New Course. At a time when the Soviet Union spurns negotiation, strains to make superbombs, rejects disarmament, and presents to the outside world a face more brutally intransigent than at any time since the Berlin airlift, the Kremlin's domestic accent on sweets and serviceable footwear may be hard to credit. Yet for all their skepticism, many Western diplomats think that Russia's "New Course" is on the level. They point out that the Soviet Union is now offering to buy butter, meat and TV sets from anyone who will sell them, and that the payment Moscow proposes to the world is gold or strategic minerals.

Equally impressive is the detail and preciseness of the Kremlin's decrees, indicating that the New Course is not a hurried phony to give a propaganda boost to an uncertain new regime, but a well-laid-out scheme that might only have needed Stalin's death to get the go-ahead. The proof is in the preparation: 100,000 words prescribing how many acres must be planted to each crop on every collective farm; sheaves of instructions saying exactly how much steel has been allotted to each factory to fill written orders for bicycles and refrigerators. Such detailed specifications. Western analysts argue, involve millions of people; they cannot be easily countermanded, orally and overnight.

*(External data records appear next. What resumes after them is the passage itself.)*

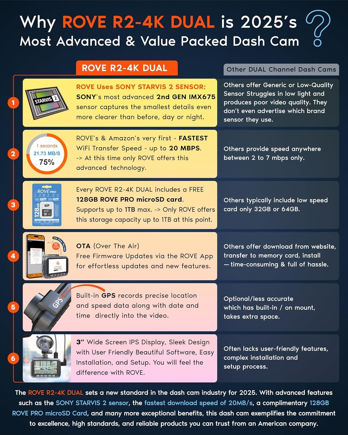 ROVE R2-4K DUAL מצלמת רכב קדמית ואחורית, חיישן STARVIS 2, כרטיס 128GB מתנה כלול, WiFi 5G - עד 20MB/s מהירות הורדה המהירה ביותר עם אפליקציה, מצלמת רכב 4K 2160P/FHD, 3" IPS, מצב חניה 24 שעות
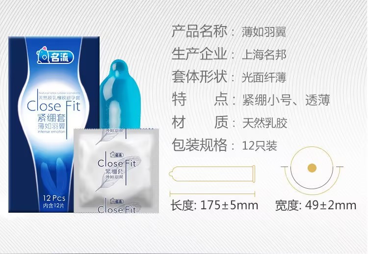 【紧致贴合】名流薄如羽翼紧绷安全套避孕套12只盒小号紧型套套
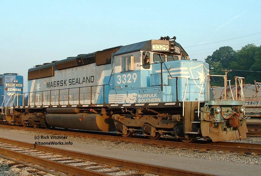 Paint Date: July 2002 Photo Date: July 2006 NS 3329 was Conrail's first SD40-2. It was painted Maersk as a promotion for a new intermodal facility in California. Photo by R.J. Vitchner |
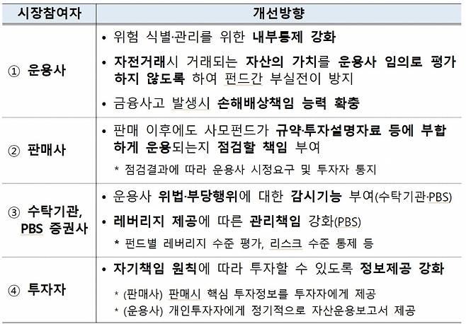 TRS 관리도 강화된다. 라임운용처럼 PBS 계약을 체결하지 않은 증권사로부터 TRS를 통해 레버리지를 일으키는 것이 전면 금지된다. 정식으로 PBS 계약을 맺은 증권사만 TRS를 제공할 수 있다는 얘기다. TRS 레버리지 한도도 현행 사모펀드 레버리지 한도인 400% 안에 포함되도록 명확히 규정된다.
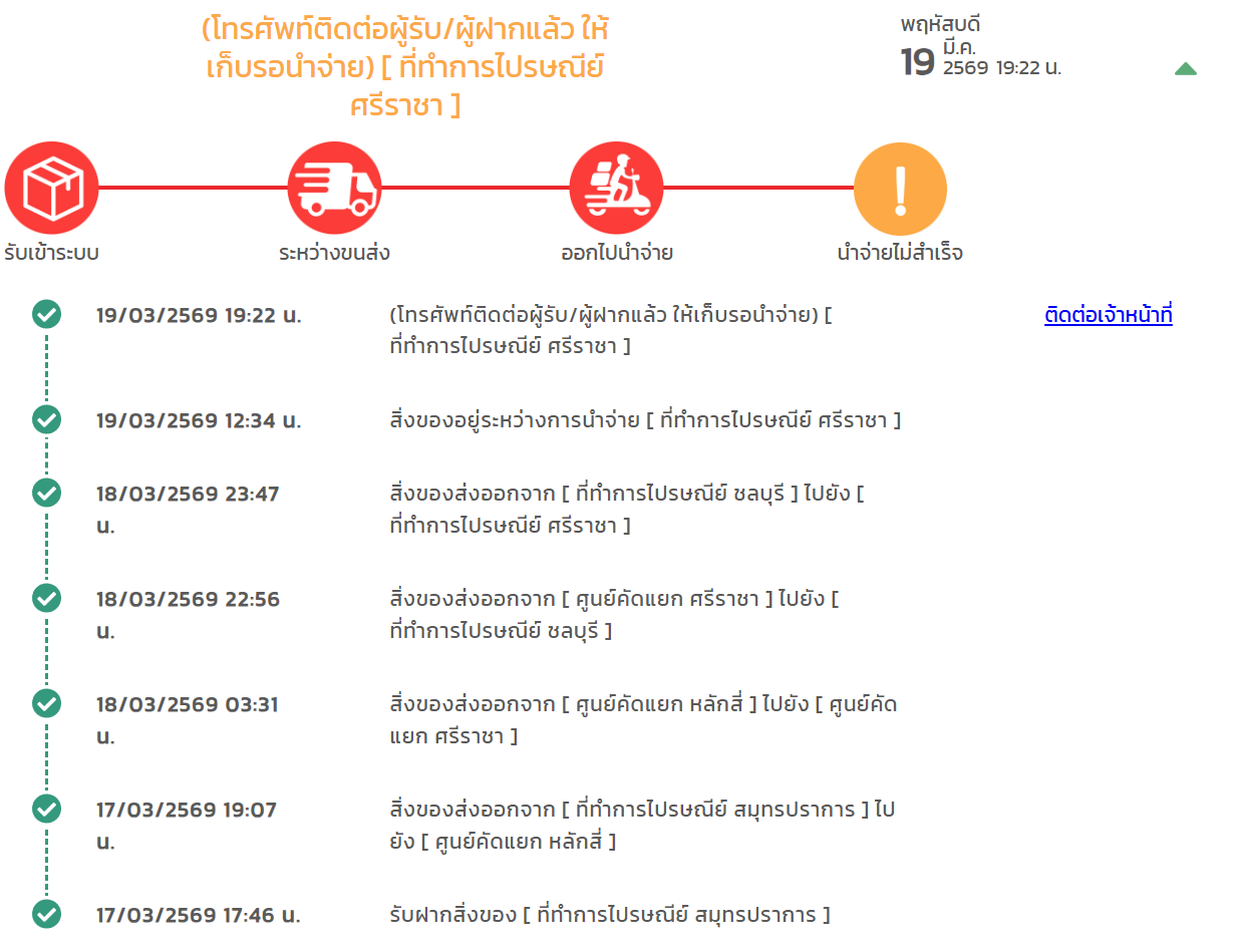 ไปรษณีย์ สถานะขึ้นแบบนี้ ต้องไปรับเองใช่มั้ยครับ
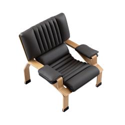 Le fauteuil Supercomfort B-Line, conçu par Joe Colombo, est le résultat d’une étude ergonomique minutieuse de la posture et repose sur l’idée d’utiliser une seule feuille de placage de bois découpé, sans jonction. Le processus de production a été optimisé en cours d’ouvrage en divisant la structure en deux feuilles: l’une pour former la courbe dossier- assise-accoudoirs et l’autre pour accueillir les jambes. Le rembourrage est constitué d’un coussin anatomique avec coutures à sections différenciées pour un confort maximal. Le fauteuil est complété par de généreux rembourrages aux accoudoirs enveloppant la structure.

There is no evidence in the decrees—or anywhere else—that the Kremlin wants a letup in the arms race, or that Russia shrinks from permanent cold war. Yet one top U.S. official says that the New Course is "as significant as America's New Deal." The Soviet plans, he says, are "serious and sincere"; their immediate objective ("to raise living standards") is genuine, even though the ultimate goal (to strengthen Russia for war) is predictably cynical. Looking on, Sir Winston Churchi11 concluded optimistically that "internal prosperity, rather than external conquest, is not only the deep desire of the Russian peoples, but also the long-term interest of their rulers." In fact, there is mounting evidence that the Kremlin is subject to economic pressures that it cannot forever ignore.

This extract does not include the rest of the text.